Sören Kierkagaard - Baştan Çıkarıcının Günlüğü

Sören Kierkagaard hakkında hep latif sözler duymuş iken kütüphanede rastlayınca bi alayım da bakayım dedim. Dedim...

Valla ne buldum derseniz azıcık eski sevgiliye bok atma, azıcık böbürlenme, bolca da çapkınım hovardayım yirmi dört ayardayım halleri buldum. Sanırım o latif sözleri söyleyenler bu kitabı kast etmemişlerdi diyor, kitap hakkında fikir verebilecek bir bölüm ekliyorum. 

"Onun şu anki tutkusunu naif bir tutku olarak niteliyorum. Değişim olup da kendimi gerçekten geri çekmeye başlayınca beni büyülemek için elinden gelen her şeyi yapacaktır. Bu amaç için elinde erotizmin bizzat kendisinden başka araç yoktur, yalnız erotizm bu kez bambaşka bir ölçekte ortaya çıkar. Bana karşı kullanacağı bir silah olur o zaman. Bende ise, yansımış tutku vardır. O kendisi için savaşır, çünkü bende erotizmin var olduğunu bilir; beni yenmek için savaşır benimle. Kendisi de erotizmin daha yüksek bir biçimine ihtiyaç duymaktadır.

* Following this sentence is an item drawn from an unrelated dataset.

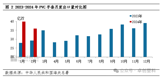 2024年一季度PVC手套制品出口较好,根据中华人民共和国海关数据显示,2024年1-2月PVC手套出口量在75.74亿双,同比2023年同期增加32.91%,较2023年11-12月出口量增加0.71%。自2023年四季度PVC手套制品海外需求增加,主要是因为海外手套制品库存下降,海外市场补货需求增加,带动PVC手套制品出口需求增量明显。据了解,因夏季手套制品更换频率增加,海外市场提前备货,所以2024年3月份手套制品海外需求仍维持向好,预计整体一季度PVC手套出口量维持高位,支撑手套料需求。
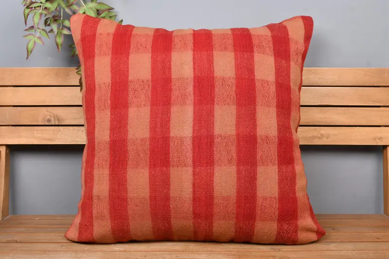 Red & Beige Striped Throw Pillow, Vintage Embroidered Cushion

Onu harekete geçirerek kuşku duymasını öğrettiğim şeyleri anlamasını, şimdi soğukluğum öğretiyor ona; ama bunu kendisinin keşfettiğini sanacak şekilde yapıyor. Böylece beni şaşırtarak tuzağa düşürmek ister; cesarette beni geçtiğine ve bunun beni onun tutsağı yapacağına inanmak ister. O zaman tutkusu kararlı, enerjik, kesin ve diyalektik; öpüşü tam ; sarılışı tereddütsüz olur. Bende özgürlüğünü arar ve ben onu ne denli sıkıca kuşatırsam özgürlüğünü daha iyi bulur. Nişan birden bozulur. Bu olay olduğunda biraz beklemesi gerekecektir, bu vahşi kargaşadan hiçbir şey çıkmayacağını görmelidir. Tutkusu kendini yeniden yaratır ve benim olur."

(Dedikodu babında: Kitap beyefendinin hayatından izler taşıyor. Abi... sen on yedi yaşındaki kızı kendine aşık et, nişanlan, ayak oyunlarıyla nişanı bozdur, ortadan kaybol, kızcağız yana yakıla seni arar iken efendim sonra da otur kitabını yaz. Sana adam olamazsın demedim Sören! Sana delikanlı olamazsın dedim la!)